So I have a process that writes a JSON record to stdout every second, how can I use jq to trigger an action after a certain amount (=x) of records are written and still have my output every second?
The process is, to allow easy replay, replaced by a bash shell read loop with a sleep:
( read line ; while [[ -n "${line}" ]] ; do echo "${line}"; sleep 1 ; read line ; done ) < json.data
The action after x records is to count the amount of records, and ignore lines with "null" values.
When x is 1, so process each line, the solution is simple or straightforward.

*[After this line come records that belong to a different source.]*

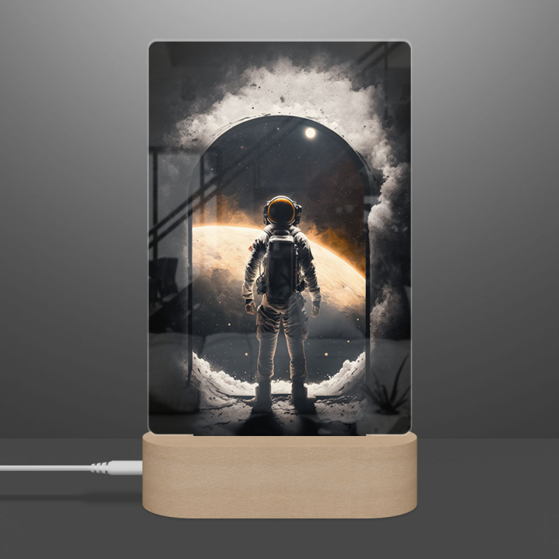 Součástí balení je akrylové sklo dle výběru, dřevěný RGB LED stojánek a napájecí USB kabel.
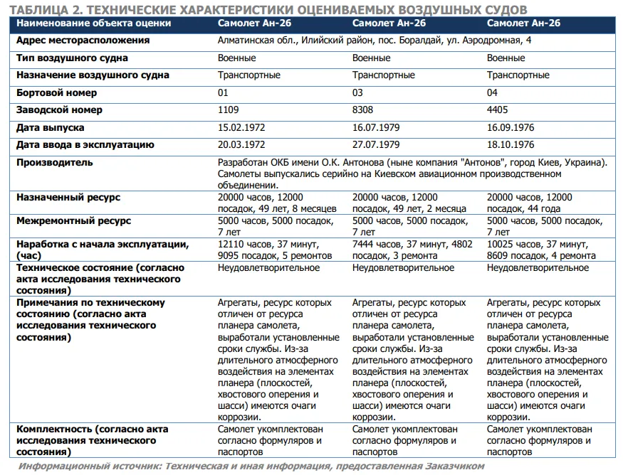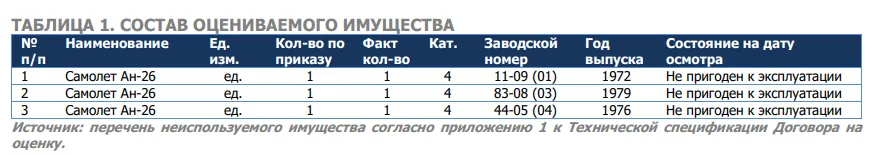 Как выяснилось в ходе оценки, самолёты не пригодны к эксплуатации. По данным оценщика, разумных перспектив продать их на рынке нет, единственный вариант реализовать "по стоимости извлекаемых материалов". В итоге оценили три АН-26 как металлолом и утиль.
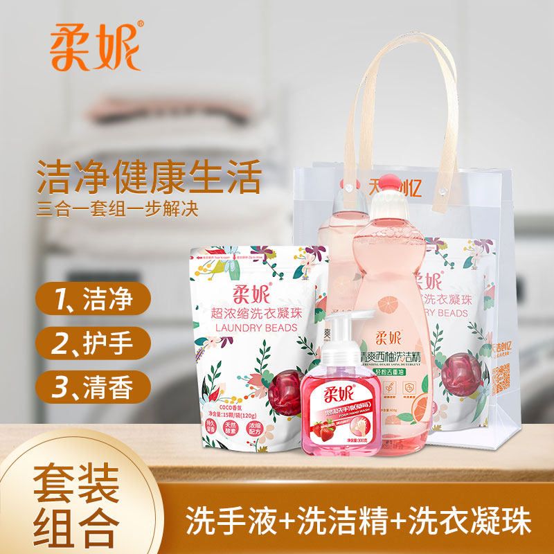 柔妮洗护套装大礼包洗衣凝珠洗手液洗洁精实用组合礼品出行家用1020g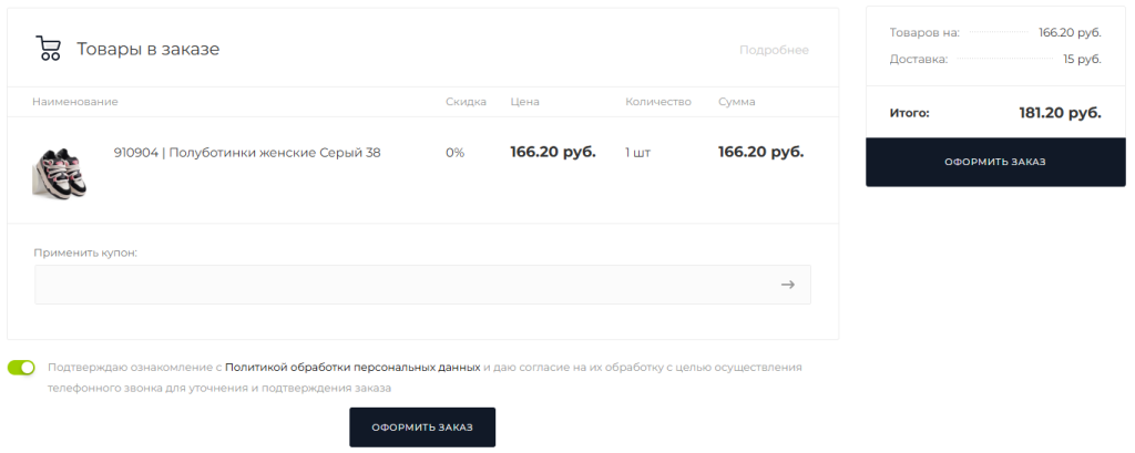 Далее вам необходимо ввести следующие данные: Ф.И.О., E-Mail, Телефон (если контактный номер телефона получателя заказа отличается от введенного при регистрации на сайте), Адрес доставки и подтвердить согласие с Политикой обработки персональных данных.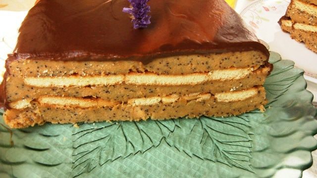 Достать десерт из холодильника, перевернуть на блюдо и полить глазурью. Убрать еще на час в холодильник.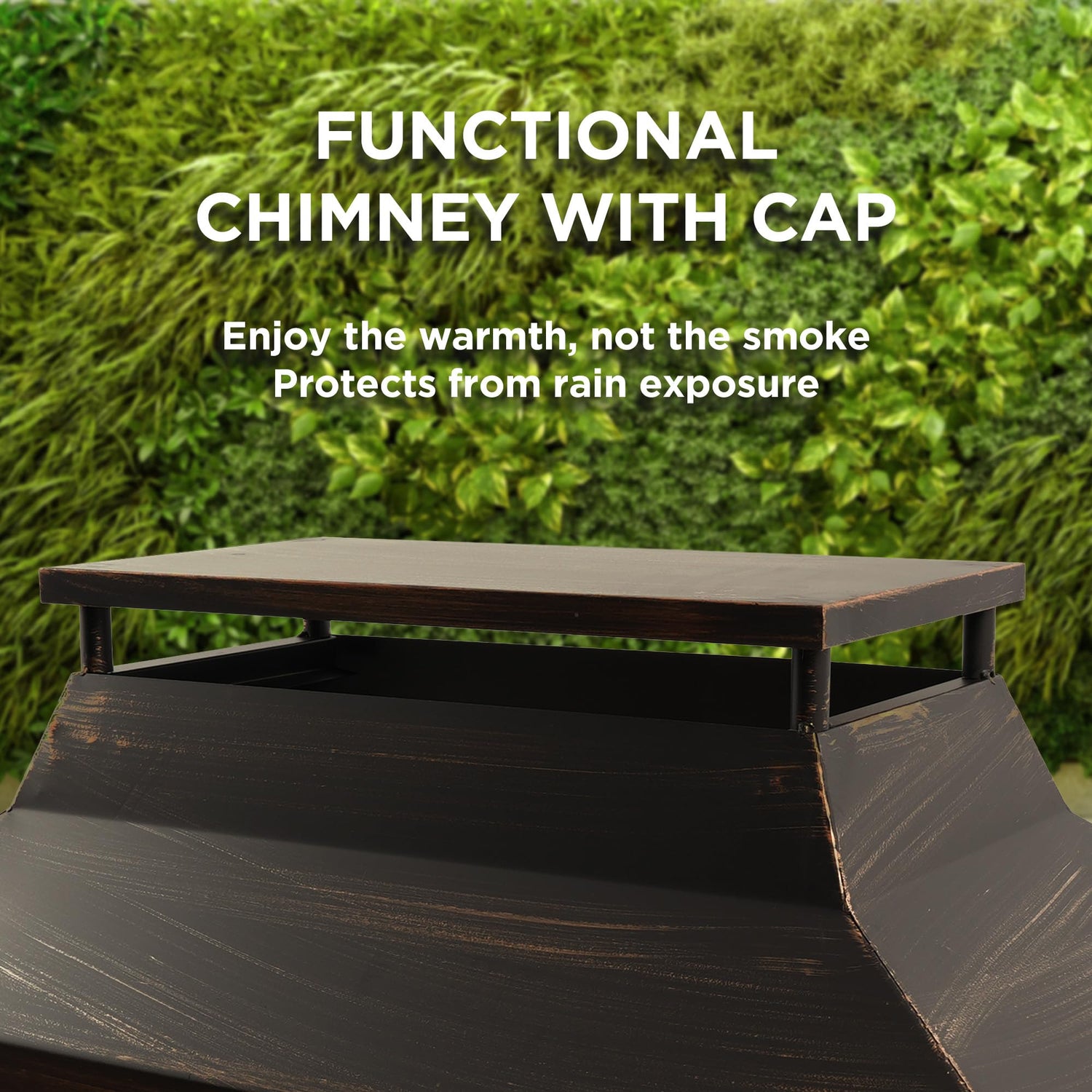 - Practical Log Rack : Outdoor fireplace for patio includes a stylish log rack on the bottom for easy and organized firewood storage.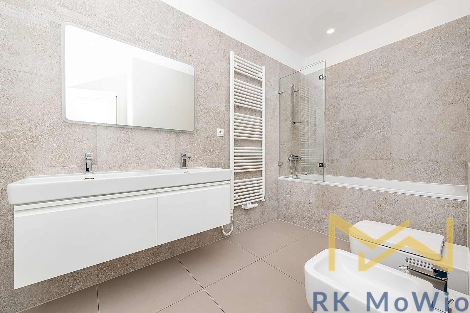 The apartment layout includes an entrance hall, a spacious living room, a dining room, a separate kitchen, a master bedroom, a second bedroom, two bathrooms (one with a bathtub, double sinks, a bidet and a toilet; the other with a shower, sink and toilet), a storage room and a guest toilet. Apartment equipment includes a kitchen unit with a refrigerator and freezer, induction hob, extractor hood, dishwasher, electric oven, microwave; built-in wardrobes, washing machine, dryer, air conditioning, gas central heating, building entry via keycard, wooden floors and tiles.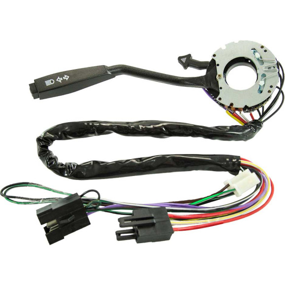 Com retorno automático, comutação de farol alto e baixo, lampejo, buzina e pisca alerta.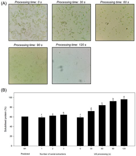 Predicted protein recoveries were approximately 60% for all—the maximum achieved within the studied range without sample pre-treatment. Previous studies suggested that it was necessary to include a disruption step before isolation of bioactive compounds from microalgae. Not all the protein is soluble at the studied conditions because of the rigid cell wall of microalgae, which in the case of A. platensis, consists of four layers and is 40–60 nm thick []. In the current study, shear stress suffered during production and processing, as well as the dehydration step and the osmotic shock suffered while resuspending the dried biomass into distilled water, led to a percentage of total protein that could be solubilised that was lower than 60%. To increase the amount of protein solubilised, the current paper evaluated the potential of (i) performing several sequential extractions and (ii) including a cell wall disruption step using ultrasound.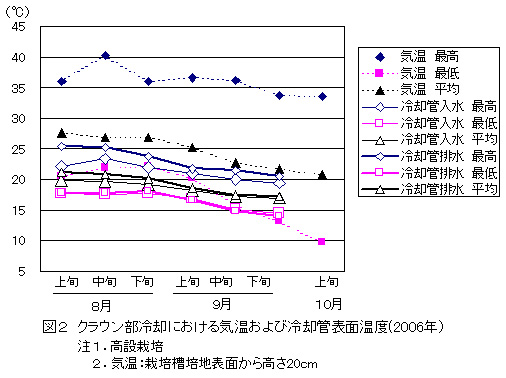 - 長さ15m、2条植の高設栽培槽において摂氏18.7±1.4度の水を冷却管(直径19mm鉄管)に毎時130リットル通水することで、8月から9月の冷却管の表面温度は最高で摂氏25.4度、平均で摂氏17〜21度程度となり、入水側と排水側の表面温度の差は最高で摂氏3.2度、平均で摂氏0.1〜1.4度となる(図1、図2)。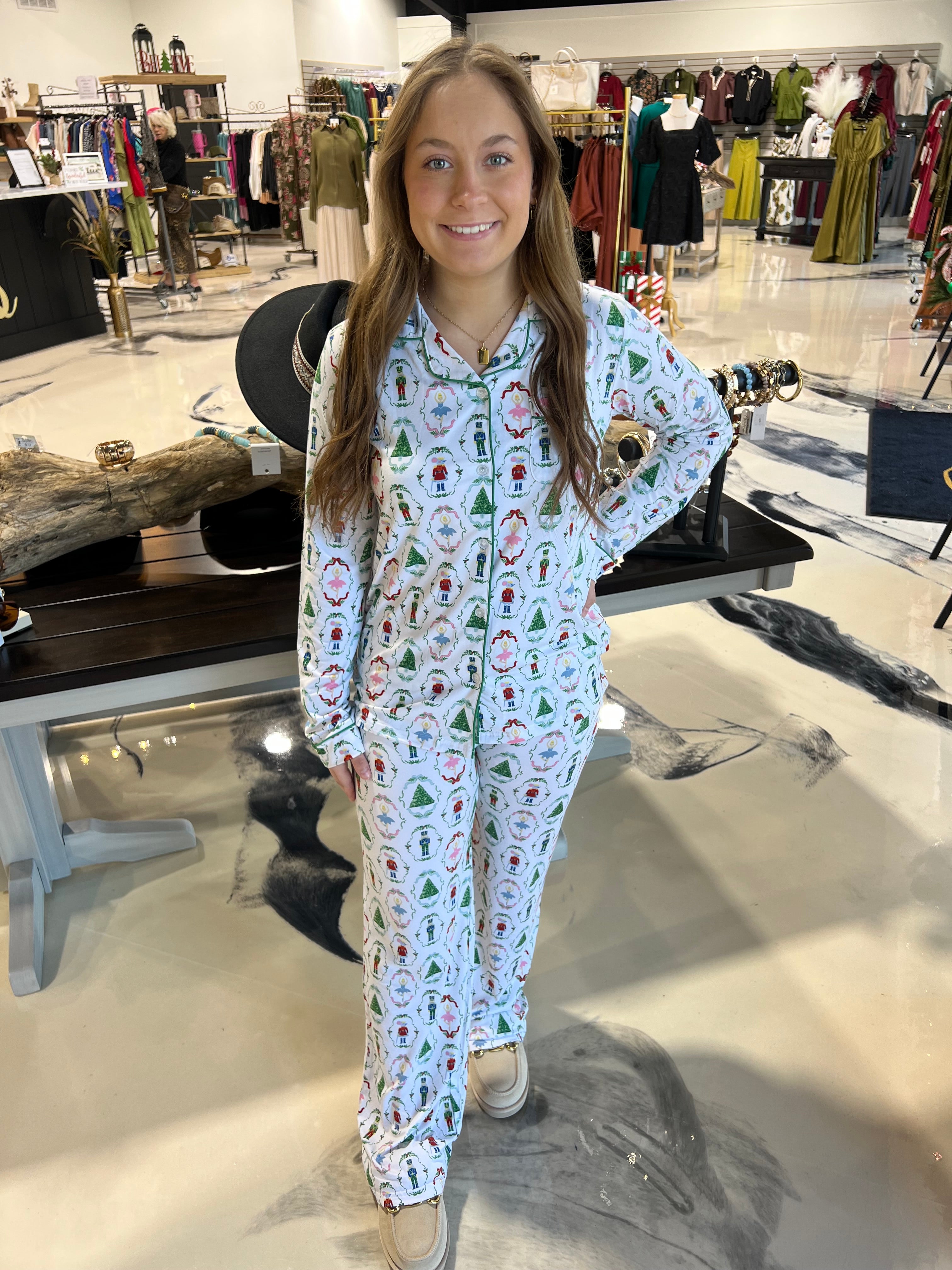 Slip into festive comfort with our Nutcracker Waltz Pajama Pants, featuring an enchanting Christmas design that celebrates the season in style. Crafted in soft white fabric with an adjustable drawstring waistband, these pants offer the perfect blend of coziness and holiday cheer. Whether you're lounging by the fireplace, hosting a cozy gathering, or enjoying quiet moments with loved ones, these pajama pants deliver warmth and seasonal spirit. The all-over Christmas pattern makes them an instant conversation starter, while the relaxed fit ensures you'll reach for them night after night. Make your holiday wardrobe complete with a pair that brings joy to every moment.

( read line ; while [[ -n "${line}" ]] ; do echo "${line}"; sleep 1 ; read line ; done ) < json.data | \
jq -c '. , ([.] | del( .[] | select(to_entries[].value == null)) | length)'
{"date":230415072207,"kwL1Tl":0,"kwL1":0.022,"kwL2Tl":0,"kwL2":0.075,"kwL3Tl":0,"kwL3":0}
1
{"date":230415072311,"kwL1Tl":0,"kwL1":0.023,"kwL2Tl":0,"kwL2":0.08,"kwL3Tl":0,"kwL3":0}
1
{"date":230415072312,"kwL1Tl":null,"kwL1":null,"kwL2Tl":null,"kwL2":null,"kwL3Tl":null,"kwL3":null}
0
{"date":230415072415,"kwL1Tl":0,"kwL1":0.023,"kwL2Tl":0,"kwL2":0.08,"kwL3Tl":0,"kwL3":0}
1
{"date":230415072416,"kwL1Tl":0,"kwL1":0.022,"kwL2Tl":0,"kwL2":0.08,"kwL3Tl":0,"kwL3":0}
1
...
But what to do when I want to do this for every 5 or 100 records ?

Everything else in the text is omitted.